"What else can folk expect that side with cutting off kings' heads?" cried Bobby Sparrow, a dapper little master-tailor, who made and repaired habits for the parson, and all the genteel people, of Caistor and its vicinity.

"More by token—such folk as would pull down all the parish churches, and murder all the Protestants!" added old Davy Gregson, a fat little retired man of business, who liked to enjoy his joke,—sitting in a corner of the old shop, and thrusting his tongue grotesquely into his cheek,—although he was nearly fourscore.

"You will please to remember, gentlemen," interjected the barber, driven to the extremity of his temper, "that I am not an advocate either for cutting off kings' heads, or pulling down parish churches, or murdering people of any religion, much more my own."

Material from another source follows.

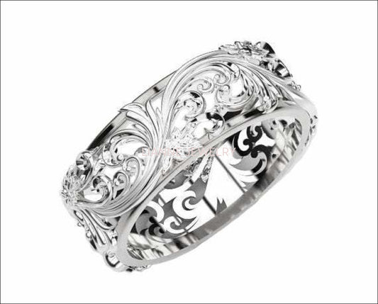Men's 14K Wedding Band Ornament Ring Celtic Ring Flower Ring Milgrain Edwardian Ring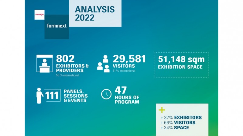 Formnext 2022成绩喜人,展览面积51, 148平方米,较2021年增长了34%。2022年为期四天的展会有802家展商和29581名观众参加,相比2021年分别增加32%和66%,并保持50%以上的国际化。

"But ye take part with rogues that do, neighbour Kucky," said Bobby Sparrow, with provoking pertness,—"and the more's the shame to you!"

"Ay, marry, good faith—that he does!" exclaimed old Davy Gregson, enjoying the barber's apparent soreness; "and it has always been held that the abettor is as bad as the thief or the murderer!"

"If you mean to be respected, Kucky Sarson," growled old farmer Garbutt, "be advised, and give up all your Jacobin notions. The Squire says it would be ruin for this country to be without a king and an established church. I had a famous talk with him on all these things at the rent-day; and so he said: and if such gentlefolk as Squire Pelham don't know what belongs to good government, I should like to know who does."

"Squire Pelham's great-grandfather was of a somewhat different opinion," answered the barber: "Peregrine Pelham was his name; and he signed the death-warrant of Charles Stuart."

"The Lord be merciful to us!" exclaimed old Davy, beginning to look really alarmed—"why, that was in the time of the awful troubles that my grandmother used to talk so sorrowfully about!—Surely you don't wish that such grievous days were come again, do you, Kucky Sarson?"

"God forbid!" ejaculated farmer Garbutt, solemnly.

"You all know I don't, before you ask me," answered the barber, with some show of dignity. "I defy any one of you to say that there is a quieter and more upright citizen in England than I am. Who can say that I ever injured him? who dares say that I ever cheated any man of one farthing—ay, or that I owe him one? And do I ever try to compel any man to think as I think? Speak!—any one of you that can charge me with an act of wrongfulness, or a single speech of intolerance!"